Yeah, but my main question is if they curated the game well enough to prevent stuff like enemy getting too strong with no real way to catch up it. Of course, there's equipment upgrades, but at some point (at least in this game), it's going to have a limit.

It's nice to have a self-adjusting difficulty, but when it goes wrong, we have shit like LunarDS where leveling up too much only made the game more annoying to play and nothing to really offer.
 

RevenantKioku

PEINS PEINS PEINS PEINS PEINS PEINS PEINS PEINS PEINS PEINS PEINS PEINS oh god i am drowning in them
So far, I think everything about the game is super well done except the programming. (._. )
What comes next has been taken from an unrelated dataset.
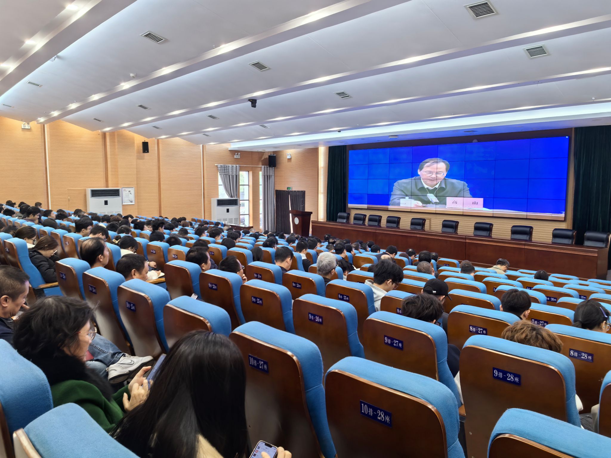 永利官网党委书记何振、副校长雷存喜赴现场参加会议,其他在家校领导与各机关职能处室负责人、二级学院党政主要负责人和分管负责人、双创专干以及其他师生代表300余人在学校图书馆报告厅通过线上形式参加会议。

Load times, stuttering, meh crap. But game design feels really satisfying, I have no complaints with that at all so far.

Maybe it's playing it on the under-powered VitaTV that is causing you these issues?
I kid. Well, at least I haven't noticed any stuttering. Load times, though.
 

duckroll

Member
What happened to everyone else playing the game? :(

I'm down with the flu so I was in bed the whole day. Managed to get through a bunch of stuff! I wanna make a big post about the battle mechanics and why the battles are so fun and addictive, but I feel like shit now so..... :/

It's interesting how Scarlet Grace really challenges the notion that you need certain things in a RPG, especially a JRPG. The battle design reflects the same philosophy the world/story design embraces - it emphasizes certain core elements by removing elements which people expect. There are no battle items in the game, there is no healing, the battle menu is super streamlined, but even so I feel like there is a ton of strategy and options. The battles really shine when you realize that you are encouraged to experiment with the party construction, swap characters in and out depending on what you expect from a battle, and try to really understand how to best abuse the turn order, the rengeki attacks, status ailments, and so on.

I'm almost 10 hours into Urpina's story and I think I'm in the "second half" now. It feels much more non-linear, and I'm pretty sure whatever I'm doing now isn't even part of the main story. But I managed to run into Leonard and recruited him! Got a trophy for it too. Yay!
 

Aeana

Member
Maybe it's playing it on the under-powered VitaTV that is causing you these issues?
I kid. Well, at least I haven't noticed any stuttering. Load times, though.
I've played it on both the Vita and VitaTV and it's exactly the same.


I'm still playing, but I got stuck on a boss yesterday which led to me starting up FF2 for my play through thread. So now I'm doing both.